RALEIGH — A bill introduced by a North Carolina lawmaker on Thursday would add legal protections for UNC system students who are accused of sexual misconduct. It also would standardize disciplinary proceedings for students at all 16 university campuses.
House Bill 305, introduced by Rep. Mitchell Setzer, a Catawba County Republican, would provide due process guarantees that don’t exist now for students accused of sexual misconduct.
Setzer did not immediately respond to requests to discuss the bill or what prompted him to introduce it. Co-sponsors Jason Saine, R-Lincoln, and Pat McElraft, R-Carteret, also could not not immediately be reached.
The UNC Board of Governors, which would have to adopt new rules under the law, did not wish to comment on it.
The law would require the Board of Governors to adopt mandatory, systemwide policies to ensure:
• Students are promptly notified when accused of sexual misconduct, including details of allegations, alleged violations of the Student Code of Conduct and copies of evidence against them. Students must be told of their right to consult an attorney and to have one accompany them through the process, and of their right to appeal findings of misconduct.
• Parties to an investigation are allowed to question and cross-examine witnesses.
• The investigation and any hearing must be impartial, and the person who investigates the allegations cannot also be the finder of fact at the subsequent hearing.
• Findings from the investigation and hearing must be written and provided to both the complainant and the accused to allow for review on appeal.
• The standard of proof will be “clear and convincing evidence,” a higher standard than is now applied.
The bill also would require all UNC schools to set policies governing student conduct and due process proceedings against students accused of violating the policies.
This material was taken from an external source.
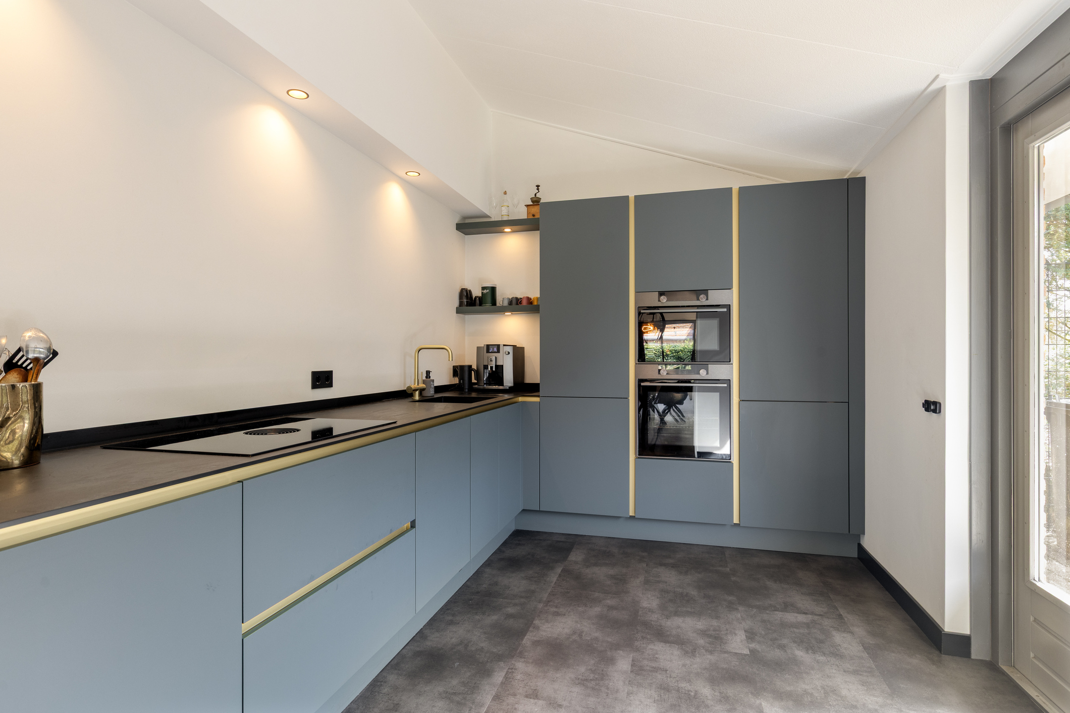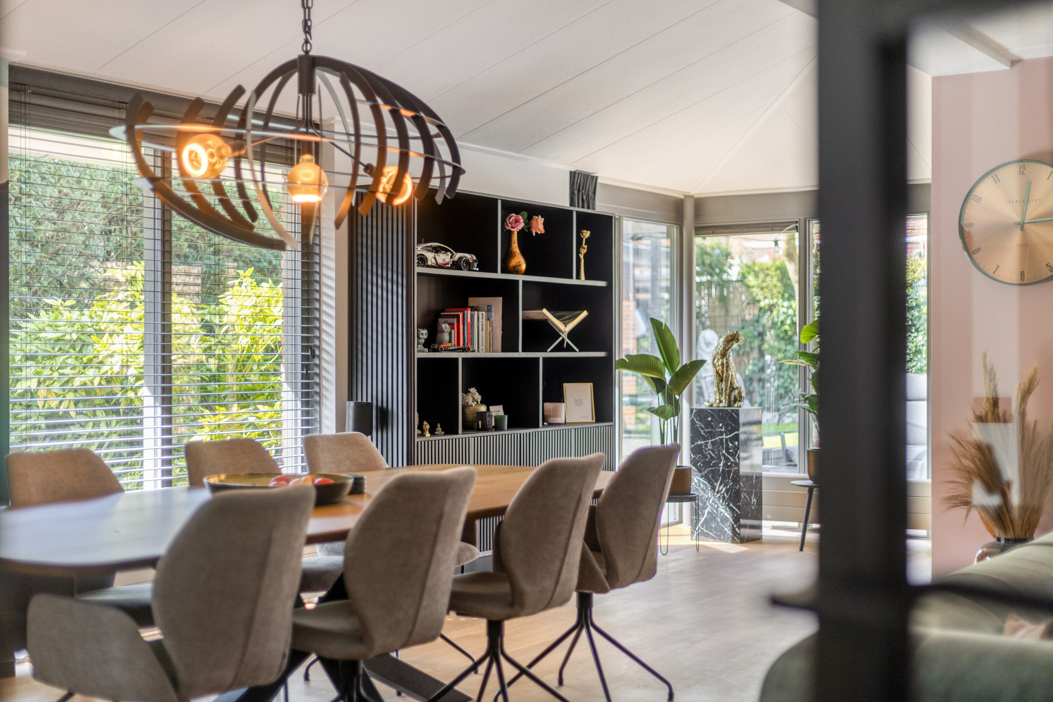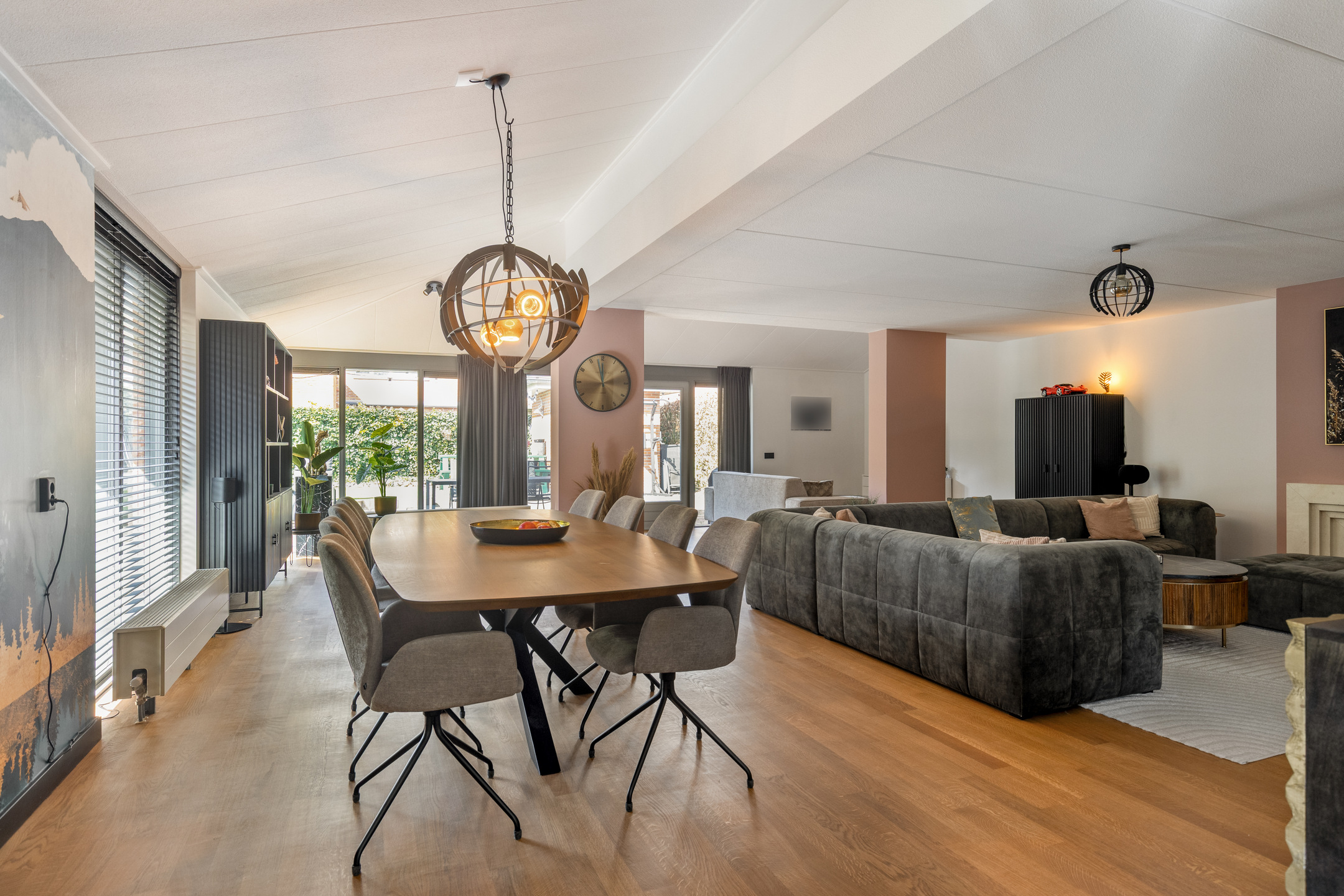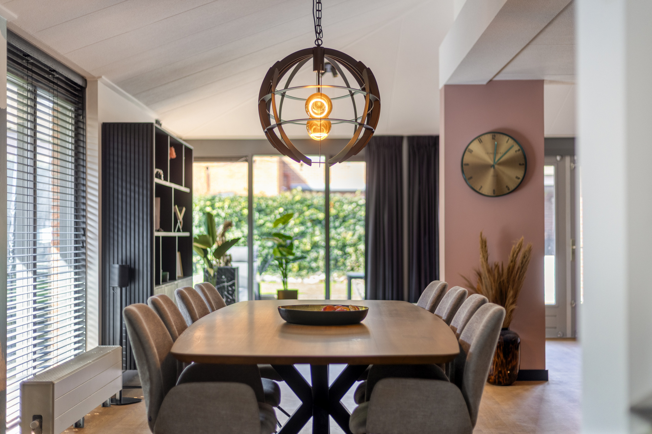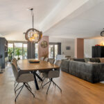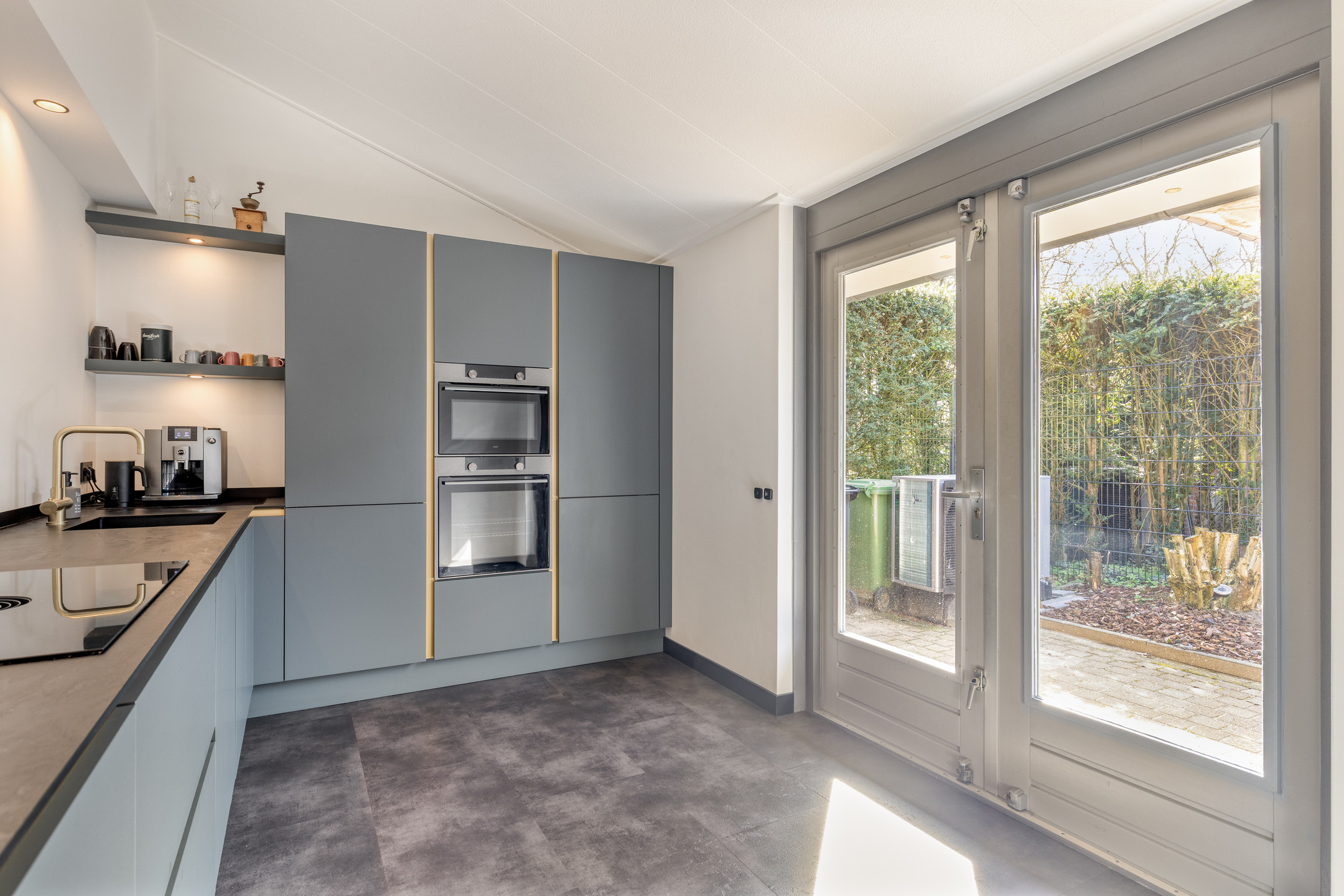 Het eetgedeelte vormt het hart van de woning en staat in open verbinding met zowel de living als de tuin. De in 2024 geplaatste keuken is een droom voor elke thuiskok. Deze zeer modern uitgevoerde ruimte beschikt over een inductiekookplaat en geïntegreerde afzuiging, een Quooker, een combi-magnetron/oven én een extra oven. Via de openslaande deuren vloeit binnen naadloos over in buiten.

Each school would have a code of conduct so that students would know what is expected of them and what conduct would be subject to discipline, as well as the range of disciplinary measures that might be used in case of violations.
It would limit the use of mandatory suspension or expulsion for violations unless otherwise allowed by state or federal law, and it would limit the use of long-term suspension or expulsion to “serious violations” of the code of conduct. A serious violation would be one that threatens the future safety of students, staff or school visitors, or threatens to disrupt the educational environment.
In addition, it would allow students accused of violations to have an attorney or advocate present through any hearing or other procedure, except in the case of a student accused of academic dishonesty.
Under the proposed law, student organizations charged with violations of the conduct rules also would be allowed to have an attorney or advocate present through any proceedings.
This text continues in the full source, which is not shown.